The fundamental constraint: Copilot Studio does not support token streaming (progressive word-by-word display). Responses arrive as complete messages. But you can simulate progress by sending intermediate messages at key decision points in your topic flow.
The Ideal Outcome¶
A progress experience that keeps users informed while the agent processes their request:
- [ ] Perceived responsiveness: Users see activity within 1-2 seconds of sending a message, even if the full response takes 10+ seconds
- [ ] Meaningful progress: Updates reflect actual work being done (not generic spinners) — "Searching knowledge base..." then "Found 3 relevant documents..." then the answer
- [ ] Non-intrusive: Progress indicators don't clutter the conversation or make scrolling painful after the response arrives
- [ ] Channel-consistent: Works acceptably across M365 Copilot, Teams, and Web Chat
- [ ] Low implementation overhead: Shouldn't require major refactoring of existing topics
Approaches¶
Approach A: Sequential Progress Messages in Topics¶
Summary: Insert SendActivity nodes before each long-running action in your topic flow. Each message describes what the agent is about to do. The user sees a breadcrumb trail of activity.

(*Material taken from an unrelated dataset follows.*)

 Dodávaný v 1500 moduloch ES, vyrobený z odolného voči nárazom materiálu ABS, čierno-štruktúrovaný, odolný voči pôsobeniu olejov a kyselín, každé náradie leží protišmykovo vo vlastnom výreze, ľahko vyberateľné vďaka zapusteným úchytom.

Technique: SendActivity nodes with progress text, placed before InvokeFlow, HttpRequest, SearchAndSummarizeContent, and other slow actions.
How It Works¶
User: "What's our Q4 revenue vs Q3?"
Agent sends: "📊 Looking up Q4 revenue data..." ← immediate (< 1s)
[Agent calls Power Automate flow to query data]

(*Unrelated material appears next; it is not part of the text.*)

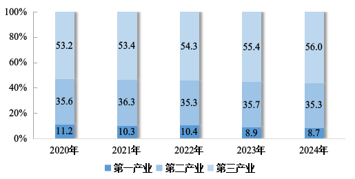 22020~2024年三次产业增加值占地区生产总值的比重

Agent sends: "📊 Found Q4 data. Now pulling Q3..." ← after flow returns (2-3s)
[Agent calls second flow or knowledge search]
Agent sends: "📊 Comparing quarters..." ← after second call (2-3s)
[Agent formats the response]
Agent sends: "Here's the comparison: ← final response (1-2s)
Q4: $2.4M | Q3: $2.1M | Growth: +14%"
The user sees 4 messages in sequence. The first arrives within a second. Each subsequent message confirms the agent is making progress. The final message is the actual answer.
Implementation¶
Step 1: Identify slow actions in your topic
Any action that takes >2 seconds warrants a progress message:
| Action Type | Typical Latency | Progress Message |
|---|---|---|
InvokeFlow (Power Automate) |
2-10 seconds | "⚡ Running [description]..." |
HttpRequest (external API) |
1-5 seconds | "🔗 Calling [service name]..." |
SearchAndSummarizeContent |
3-8 seconds | "🔍 Searching knowledge base..." |
| Agent routing (multi-agent) | 2-5 seconds | "🤖 Consulting [specialist name]..." |
Step 2: Insert progress messages before slow actions
kind: AdaptiveDialog
beginDialog:
kind: OnRecognizedIntent
id: main
intent:
displayName: Revenue Comparison
triggerQueries:
- "compare revenue"
- "Q4 vs Q3 revenue"
actions:
# Progress: Step 1
- kind: SendActivity
id: progress_step1
activity:
text:
- "📊 Looking up Q4 revenue data..."
- kind: InvokeFlow
id: getQ4Data
flowId: "@environmentVariables('GetRevenueFlowId')"
inputs:
quarter: "Q4"
outputVariable: Topic.Q4Revenue
# Progress: Step 2
- kind: SendActivity
id: progress_step2
activity:
text:
- "📊 Found Q4 data. Now pulling Q3 for comparison..."
- kind: InvokeFlow
id: getQ3Data
flowId: "@environmentVariables('GetRevenueFlowId')"
inputs:
quarter: "Q3"
outputVariable: Topic.Q3Revenue
# Progress: Step 3
- kind: SendActivity
id: progress_step3
activity:
text:
- "📊 Comparing quarters..."
# Calculate and respond
- kind: SetVariable
id: calcGrowth
variable: init:Topic.Growth
value: =Round(((Topic.Q4Revenue - Topic.Q3Revenue) / Topic.Q3Revenue) * 100, 1)
- kind: SendActivity
id: sendResult
activity:
text:
- "Here's the comparison:\n\n| Quarter | Revenue |\n|---|---|\n| **Q4** | ${Topic.Q4Revenue} |\n| **Q3** | ${Topic.Q3Revenue} |\n| **Growth** | {Topic.Growth}% |"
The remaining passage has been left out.